Sitharaman defended handling of the economy citing “seven specific green shoots” in rising foreign direct investment (FDI), net foreign portfolio inflows, kicking off of Rs 103 lakh crore infrastructure pipeline, jump in foreign exchange reserves, GST collection topping Rs 1 lakh crore in six months in current fiscal, rebound in industrial production and surge in stock markets.
She first spoke at length in the Lok Sabha, giving out statistics and hard data to defend not just budgetary allocation but also the slippage in fiscal deficit target for the third year in a row. “There are seven important macroeconomic indicators which show that there are green shoots in the economy… economy is not in trouble,” she said replying to the debate on the Budget 2020-21 in the Lower House of Parliament.
To defend her budget for 2020-21, she reeled out announcements of last year including reduction in tax rate on income generated by companies, compared steps taken by the Congress-led UPA during global financial crisis of 2008-09 and took credit for the Reserve Bank of India (RBI) cutting interest rates by as much as 135 basis points last year to boost growth from its worst showing in 11 years.
Speaking later in Rajya Sabha, Sitharaman again took a dig at at Chidambaram saying the fiscal deficit was at a record high during the UPA regime when the economy was being handled by “competent doctors”.
Chidambaram had said a day earlier that the economy was on the verge of collapse as it was in the hands of “incompetent doctors”. The minister said said FDI “ran out of the country in 2012-13” under “competent doctors” who were then overseeing the economy and that India’s defence was paralysed by lack of equipment under UPA.”We are certainly predisposed about not repeating mistakes of UPA,” she said, adding there was more sarcasm than content in Chidambaram’s criticism of the Union budget.
She also mentioned the twin balance sheet crisis faced by the banks and the mounting NPA and fleeing defaulters. Also, she said, free trade agreements (FTAs) entered into by the UPA were hurting the country.
The finance minister said green shoots of recovery were visible with a rebound in industrial activity and GST collection crossing Rs 1 lakh crore-mark in six months of the current fiscal. Food inflation had not been allowed to cross acceptable thresholds under the Modi government, she said.

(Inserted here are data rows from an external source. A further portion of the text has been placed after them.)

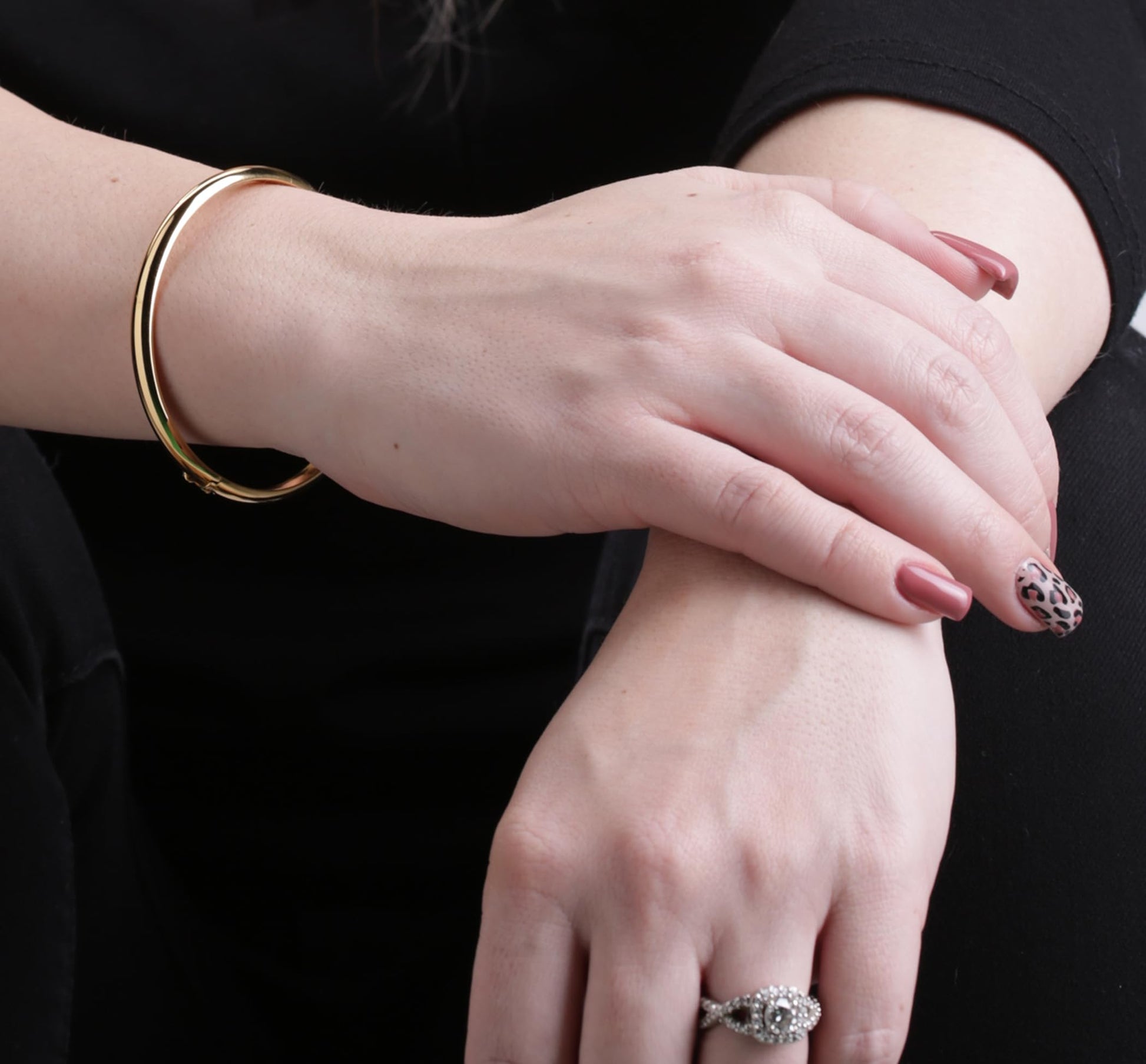 - PREMIUM QUALITY – 14K Gold-Plated (over sterling silver) hinged bangle bracelet features two durable safety latches to assure it isn't pulled off or lost. This jewelry makes a timeless keepsake piece she will treasure forever (Engraving included inside the bangle up to 20 letters).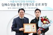 태산뉴스 이동욱 기자 | 안양시민프로축구단 FC안양의 서준석 의무팀장이 위급한 상황에서 신속한 심폐소생술로 시민의 생명을 구한 공로로 안양시장 표창을 받았다. 안양시는 9일 오후 4시10분 시청 3층 접견실에서 표창 수여식을 열고 서 팀장에게 표창을 수여했다. 서 팀장은 지난해 12월 26일 안양종합운동장 인근에서 점심식사를 하던 중 식당 앞에서 심정지로 쓰러진 시민을 발견하고 즉각 심폐소생술(CPR)을 실시했으며, 구조대가 도착할 때까지 침착하게 응급조치를 이어가 소중한 생명을 구하는 데 결정적인 역할을 했다. 2014년부터 FC안양에 재직 중인 서 팀장은 평소 선수단의 건강과 안전을 책임지는 의료지원 업무를 수행해 왔으며, 이번 위급한 상황에서도 전문성과 사명감을 바탕으로 인명 구조에 나서 사회에 귀감이 되는 행동을 보여줬다. 서 팀장은 “현장에서 함께 신고하고 도움을 준 동료들 덕분에 소중한 생명을 지킬 수 있었다”며 “앞으로도 그라운드 안에서는 선수들의 건강을, 그라운드 밖에서는 시민의 생명을 지키는 데 최선을 다하겠다”고 소감을 밝혔다. 최대호 안양시장은 “갑작스러운 상황에서도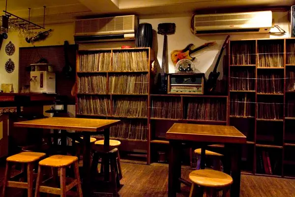 整櫃黑膠唱片,閒談用餐間時而穿插搖滾、藍調及各式舊時年代經典老歌。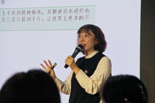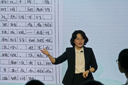 研讨以模拟考场、教师限时创作议论文开始,杨丹妮引导与会者思考,通过实践感悟议论文写作的真实障碍。大连经济技术开发区第九中学吴文超老师执教《议论要言之有据》写作课例,结合学生习作,分析论据修改策略及使用要求。随后,杨老师做了关于议论文写作的微讲座,阐释了AI助力议论文“论证说理”的课堂实施路径,为议论文写作教学提供了可落地的实践范式。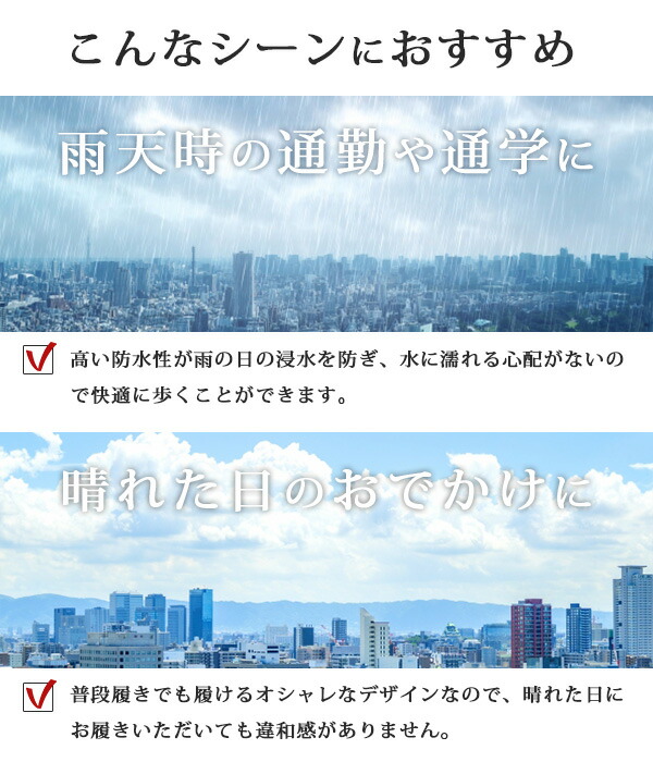 - レインブーツに見えなくてデザインがオシャレで、雨の日じゃなくても使えそうです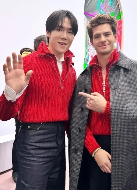 같은 스타일을 소화한 또 다른 스타가 있었어요. 바로 스파이더맨 시리즈로 유명한 배우 앤드류 가필드였는데요. 그는 같은 스웨터 위에 롱코트를 걸쳐 좀 더 포멀하고 도시적인 무드로 스타일을 연출했습니다.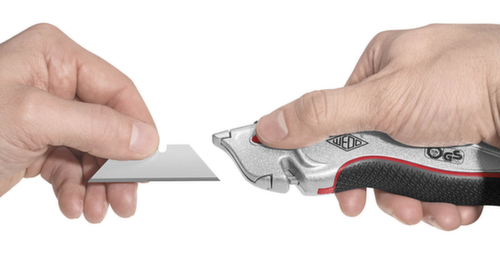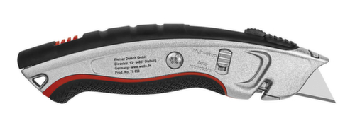 "longDescription": "<h2>Safety Cutter</h2><strong>avec rétractation de lame automatique</strong><br><ul><li>Convient pour droitiers et gauchers</li><li>Poignée en métal ergonomique antidérapante</li><li>Lame montée sur ressort avec rétractation de lame automatique dès qu'elle n'est plus en contact avec l'objet à couper</li><li>Passage de la rétractation de lame automatique à un encliquetage automatique Multi-Stop</li><li>Sortie de lame jusqu'à 25 mm</li><li>Changement de lame facile sans outils</li><li>Avec chargeur de lames de rechange intégré et coupe-cordes</li></ul><br><h3>Livraison :</h3><ul><li>5 lames de rechange trapézoïdales incl.</li></ul><br>Label de contrôle / Contrôlé conformément à :<br>Label GS - Certification TÜV<br>",

The minister also said that fiscal discipline was maintained all through under the Narendra Modi government.
“What was the remedy offered in 2008-09 and what did it result in. We certainly don’t want that burden on the economy for today or for the future,” she said adding the UPA during 2004 and 2014 was “very fortunate” to inherit a cushion in the good work of Atal Bihari Vajpayee government of the previous five years.
Stating that the government was trying to bring back a number of “cronies” who ran away from the country after taking money from banks, she said: “So that twin balance sheet problem is not something which I would not want to learn from those very competent doctors.”
Again, the NPAs running into lakhs of crores of rupees was a fallout of “another remedy offered during the 2008-09 crisis”. “We certainly do not want to inherit or copy those remedies of competent doctors,” she said and went on to cite double-digit inflation, high fiscal deficit and government liability being passed on to oil companies to dress up the balance sheet as other ills of the UPA era.